- [DESCRIPTION OF THE TASK]:
Below are some records; quote exactly the lines from the one that contains "[2011_10_16_02" through the one that contains "設定が完了したらテストボタン", inclusive, and no others.

- [SOURCE DATA]:
==========
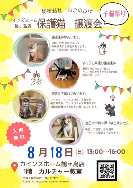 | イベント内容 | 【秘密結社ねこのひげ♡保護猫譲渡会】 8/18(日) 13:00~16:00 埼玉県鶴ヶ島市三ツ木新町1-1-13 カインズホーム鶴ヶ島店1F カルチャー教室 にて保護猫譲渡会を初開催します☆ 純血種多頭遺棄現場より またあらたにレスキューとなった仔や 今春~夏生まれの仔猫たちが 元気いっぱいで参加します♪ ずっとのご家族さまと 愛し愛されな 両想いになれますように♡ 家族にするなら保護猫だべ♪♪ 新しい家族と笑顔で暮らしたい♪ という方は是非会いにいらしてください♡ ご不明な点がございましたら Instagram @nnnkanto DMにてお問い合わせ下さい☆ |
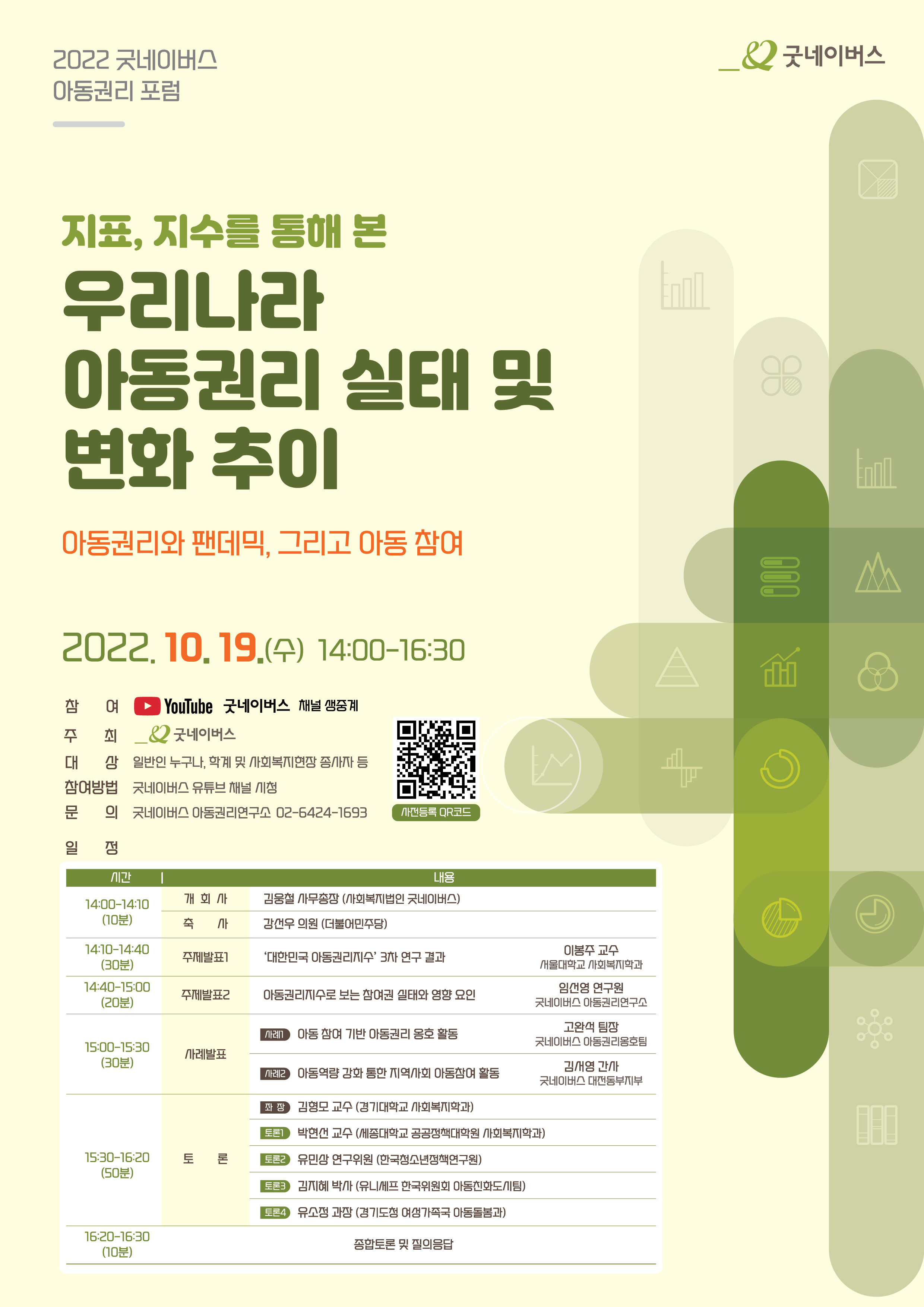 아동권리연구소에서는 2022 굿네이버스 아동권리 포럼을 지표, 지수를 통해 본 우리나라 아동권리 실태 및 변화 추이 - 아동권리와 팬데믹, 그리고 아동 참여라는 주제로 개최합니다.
==========
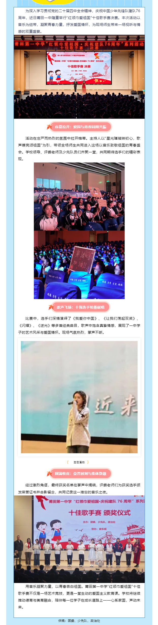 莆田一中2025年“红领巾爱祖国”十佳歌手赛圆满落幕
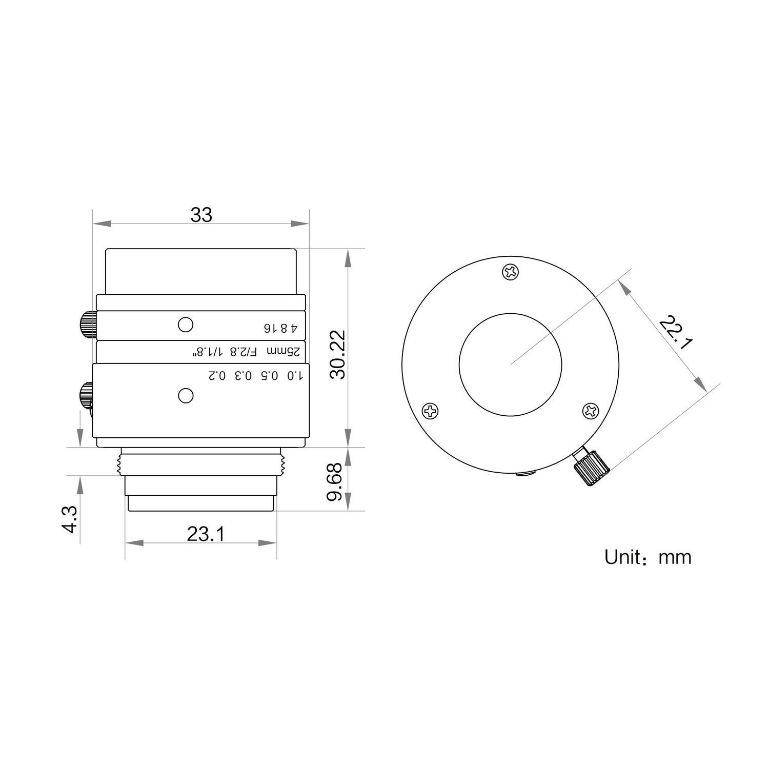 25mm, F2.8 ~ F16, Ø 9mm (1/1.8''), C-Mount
==========
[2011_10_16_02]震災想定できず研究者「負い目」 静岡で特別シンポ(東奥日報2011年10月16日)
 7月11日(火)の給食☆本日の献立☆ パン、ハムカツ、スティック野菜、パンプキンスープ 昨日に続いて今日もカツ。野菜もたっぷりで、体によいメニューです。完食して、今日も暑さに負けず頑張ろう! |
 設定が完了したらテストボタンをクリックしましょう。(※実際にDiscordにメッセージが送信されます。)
==========
- [THE COMPLETED TASK]:
[2011_10_16_02]震災想定できず研究者「負い目」 静岡で特別シンポ(東奥日報2011年10月16日)
 7月11日(火)の給食☆本日の献立☆ パン、ハムカツ、スティック野菜、パンプキンスープ 昨日に続いて今日もカツ。野菜もたっぷりで、体によいメニューです。完食して、今日も暑さに負けず頑張ろう! |
 設定が完了したらテストボタンをクリックしましょう。(※実際にDiscordにメッセージが送信されます。)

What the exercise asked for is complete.